Гейлс то и дело поднимал глаза кверху, где шелестела на ветерке темная зелень листвы. Какую роль играет лист в питании растений? Этот вопрос не оставлял его. Но тут, как и Мальпиги, Гейлс мог довольствоваться лишь догадками — ни число, ни мера, ни вес не могли еще помочь в разгадке великой тайны.
Гейлс считал, что растения получают часть необходимого им питания при помощи листьев из воздуха. Свет же, по мнению Гейлса, проникая в ткани листа, быть может, содействует «облагораживанию веществ, в них находящихся…»
Опередить свой век — не в этом ли высшая доблесть ученого! Климент Аркадьевич Тимирязев назвал Гейлса в числе основателей физиологии растений. А наука эта развилась лишь через столетие после опытов Гейлса. И одним из главных разделов молодой науки, на которую опирается ныне агрономия, стала разгадка тайны зеленого листа.
Жирный тук из воздуха…
В Санкт-Петербурге, на Васильевском острове, близ Малой Невы, в середине XVIII века стоял просторный деревянный дом. В нем жили большей частью иноземцы, приглашенные на службу в молодую Петербургскую Академию наук, основанную Петром Первым. Летом 1741 года в этом доме, в дворовом флигеле, занял две комнатки широкоплечий, высоченного роста молодой человек с открытым бесхитростным лицом. Такие лица часто встречались во все времена на Руси у северян.

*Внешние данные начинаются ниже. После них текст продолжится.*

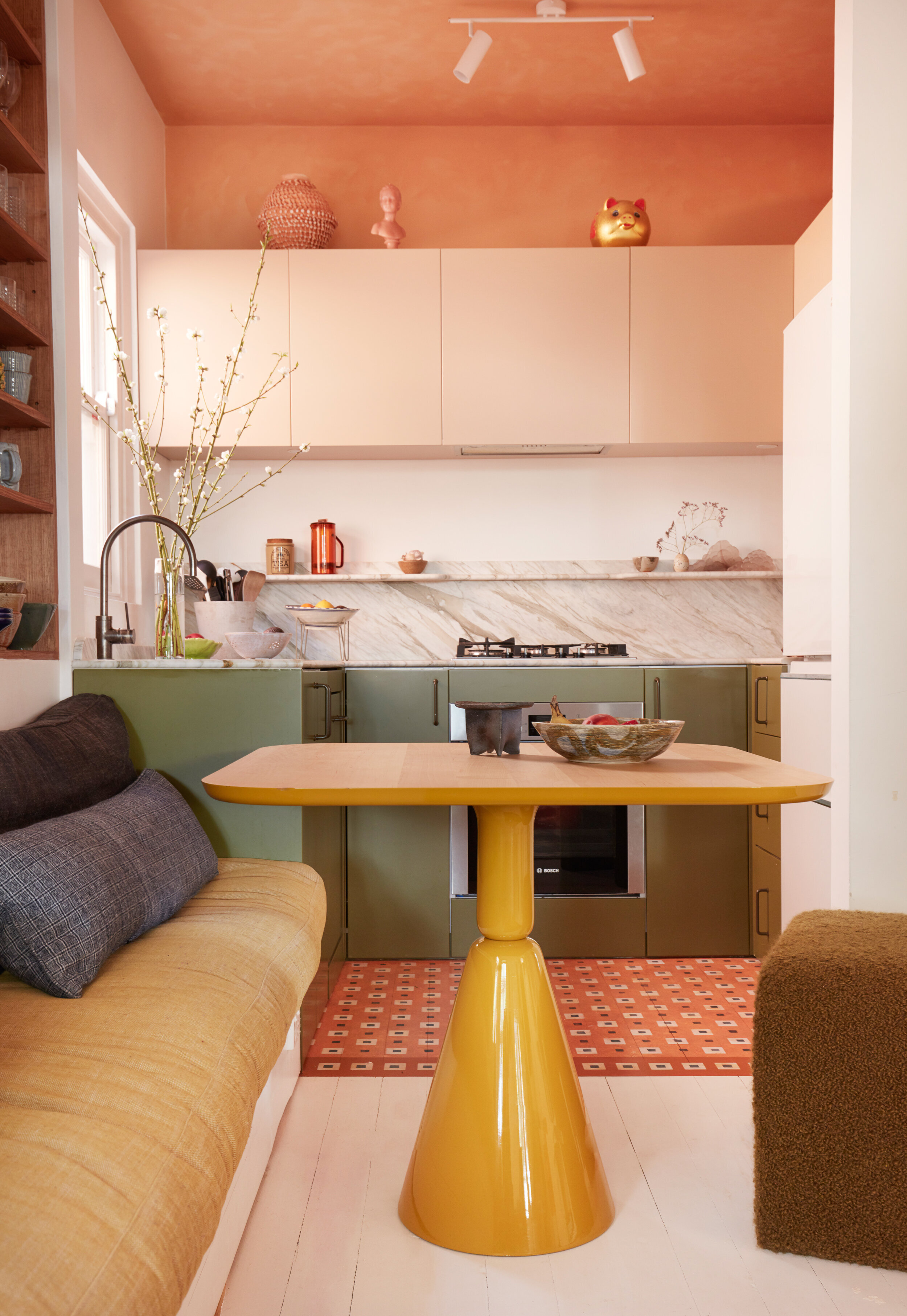 ‘The [kitchen’s] peach-toned ceiling makes it soar to infinity, and it needed this breathing space as it is a tight envelope with a lot jammed into it, but somehow doesn’t feel that way. Using the darker olive shade for the below-counter joinery anchors it.’ Photo: Prue Ruscoe. Styling: Felicity Ng
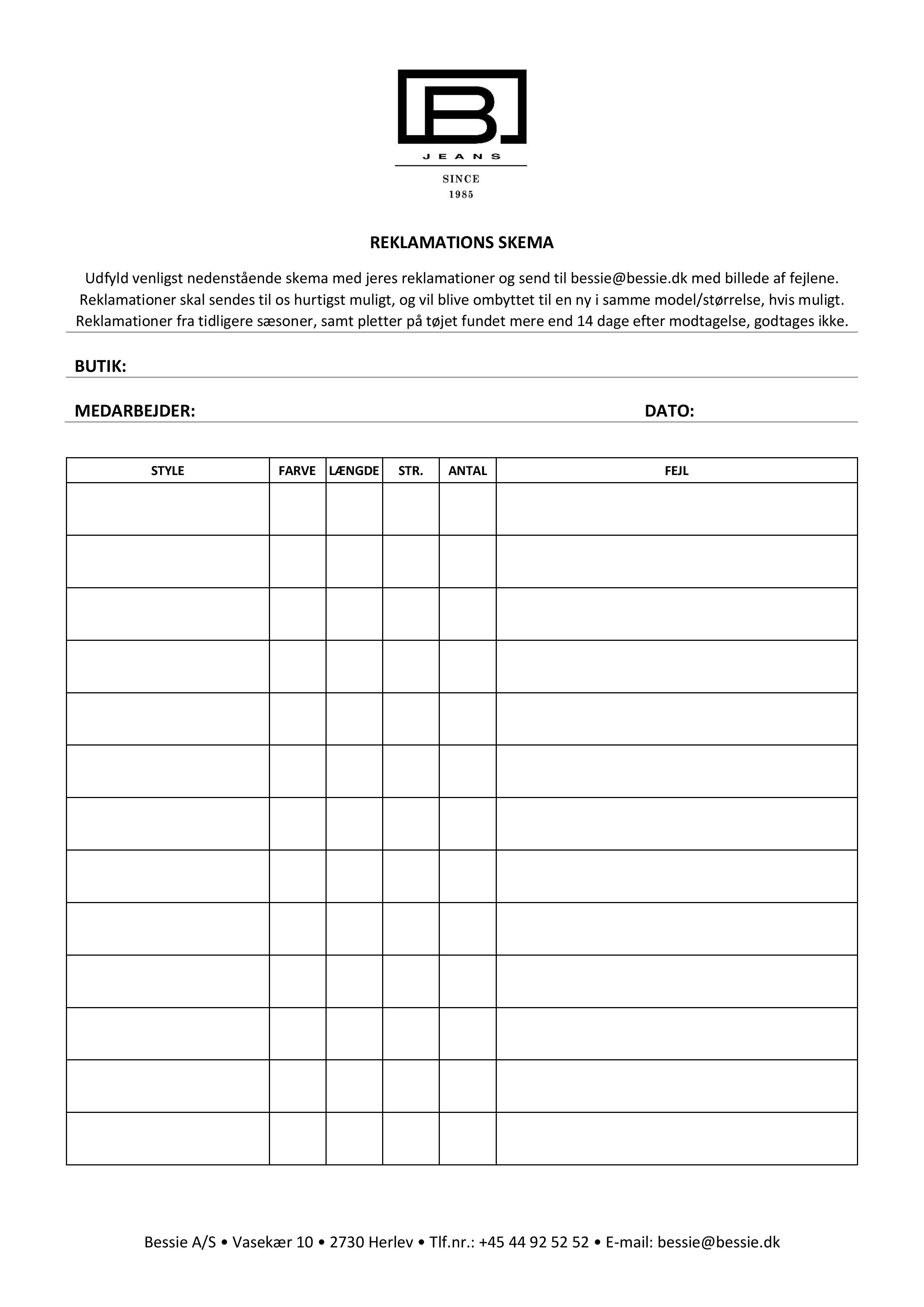 If you wish to have the complaint form sent as a Word document so that you can fill it in on the computer, please send us an email at bessie@bessie.dk or call us on tel. +45 44 92 52 52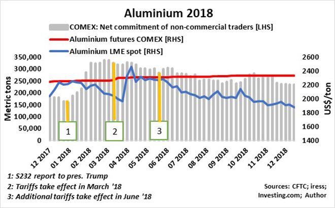 In January 2018, Trump received a Section 232 report on aluminium and steel imports, citing national security concerns. In March, Trump imposed tariffs on steel and aluminium and imposed additional tariffs in June that year. After the additional tariffs took effect in June, the COMEX aluminium futures price remained steady through to the end of 2018. The spot aluminium price on the LME immediately after the tariff hike in June commenced a gradual decline through end-2018, resulting in the COMEX premium increasing to about 25%, while non-commercial traders (speculators and financial institutions) cut their net long positions by more than 20% over the same period.

Это был Михаил Васильевич Ломоносов. Он только что вернулся из Западной Европы, где провел в учении пять лет.
Спустя полгода, после изрядной канители, Ломоносова определили адъюнктом физического класса Петербургской Академии наук.
По соседству с домом, где жил Ломоносов, на Первой линии Васильевского острова находился «Ботанический огород». Осмотрев его вскоре по приезде в Петербург, Ломоносов воскликнул:
— Славно!
«Огород» оказался прекрасным ботаническим садом, где наряду с общеизвестными растениями культивировались сотни редкостных деревьев и кустарников, вывезенных из Сибири, Монголии, Китая.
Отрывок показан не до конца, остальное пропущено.